Causal inference methods to optimize clinical decision-making in treatment initiation based on routinely collected data
You are all invited to an exciting _online_ seminar at Biostats on Monday, October 14 @ 16:30:
NOTE: This will be a zoom meeting: https://ucph-ku.zoom.us/j/8274562019?pwd=ZEJuZkZUY05WNE02YzNWUGhONWoyUT09
Pawel Morzywolek, Department of Statistics at the University of Washington
"Causal inference methods to optimize clinical decision-making in treatment initiation based on routinely collected data"

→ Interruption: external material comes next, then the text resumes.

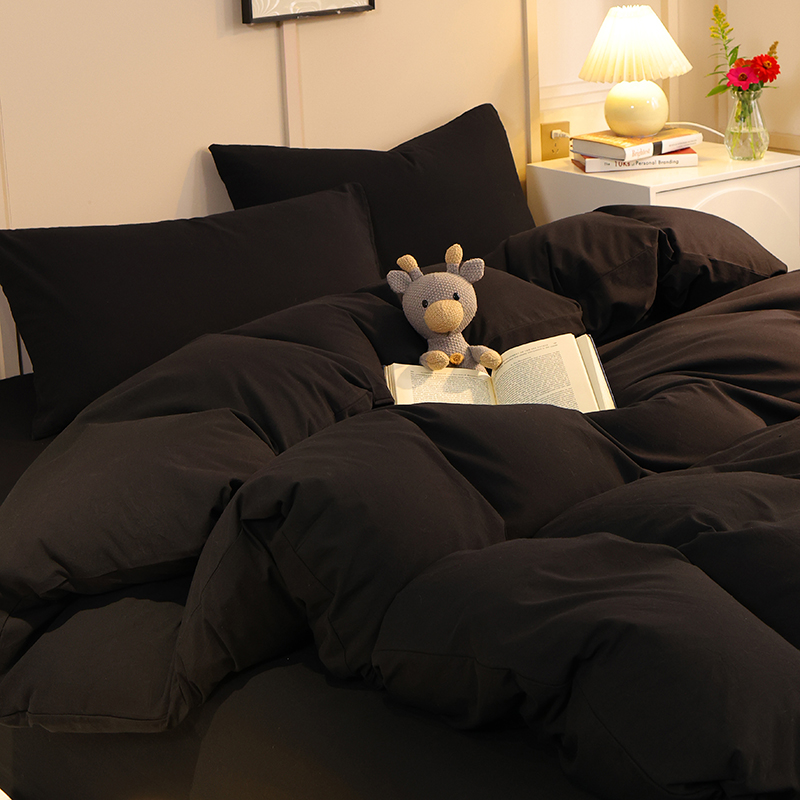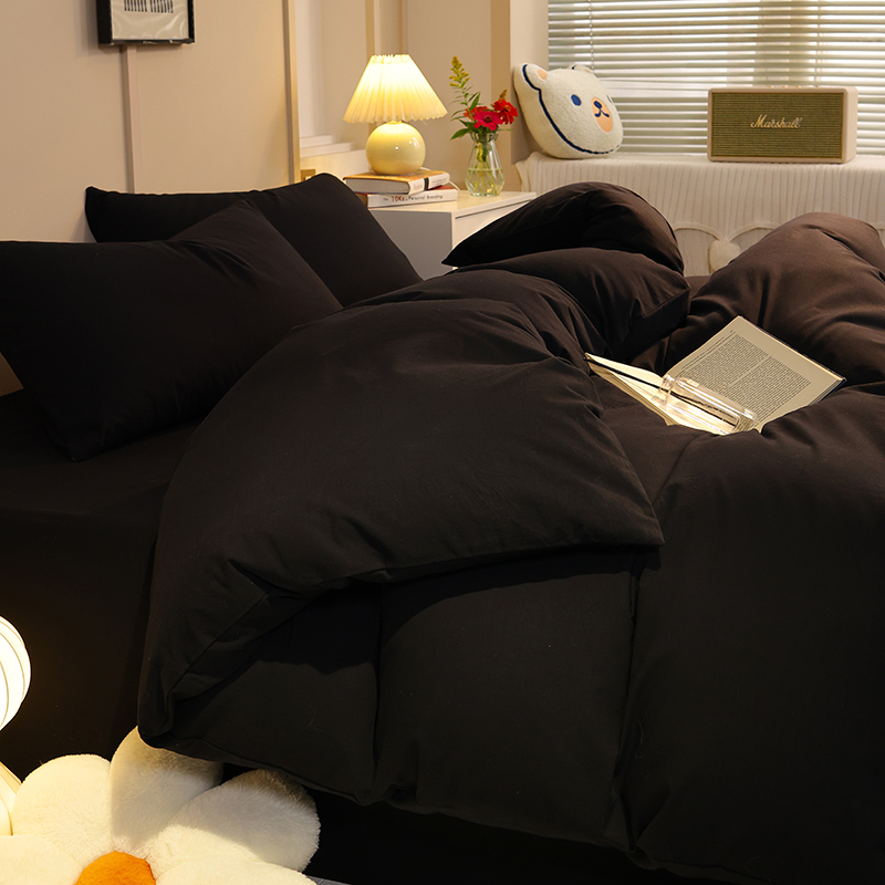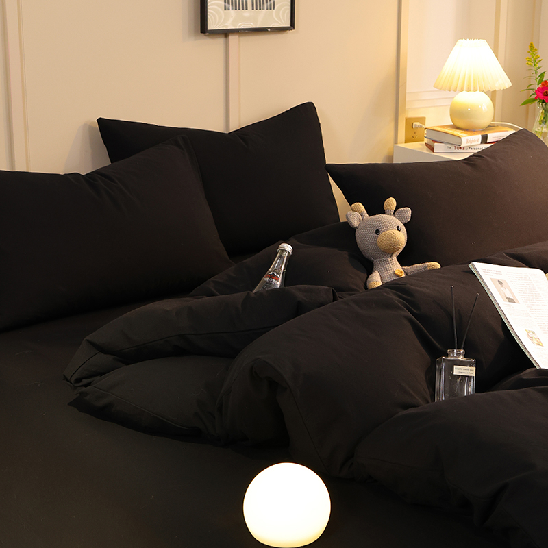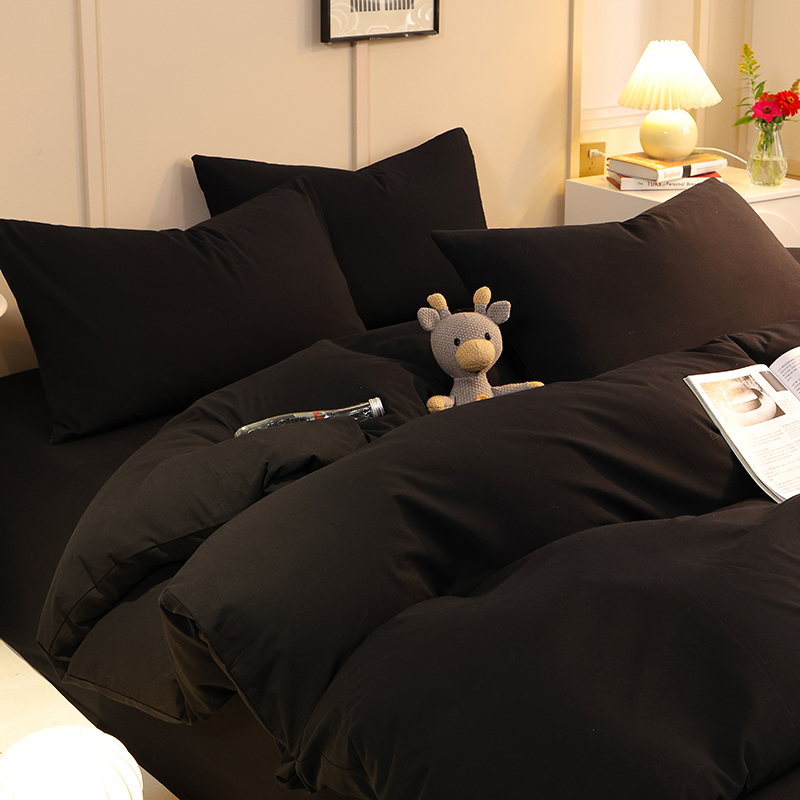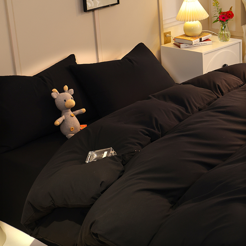 缦绣阁家纺 2025新款亲肤水洗棉纯色双拼四件套简约风床单款床笠款四件套宿舍三件套 纯色酷黑

Renal replacement therapy (RRT) is a treatment commonly used for managing critically ill patients with severe acute kidney injury (AKI), particularly those experiencing metabolic or fluid-related complications. RRT may rapidly correct some of the life-threatening issues associated with AKI, such as fluid overload. However, it is a very invasive treatment and may therefore be harmful to some patients. The timing of RRT initiation in critically ill patients with AKI remains a long-standing dilemma for nephrologists. Multiple randomized trials have attempted to address this question, but they compare only a limited number of treatment initiation strategies. In light of this, we use routinely collected observational data from the Ghent University Hospital intensive care units to investigate treatment strategies for starting RRT in critically ill AKI patients. We develop a methodology for identifying the optimal treatment initiation strategy from several pre-specified options in the presence of competing risks. We then apply it to evaluate a total of 81 RRT initiation strategies, expressed in terms of serum potassium, pH, and urine output, allowing us to identify the optimal thresholds for these criteria. Furthermore, we develop a unified framework of weighted Neyman-orthogonal learners for estimating heterogeneous treatment effects to support clinical decision-making regarding treatment initiation.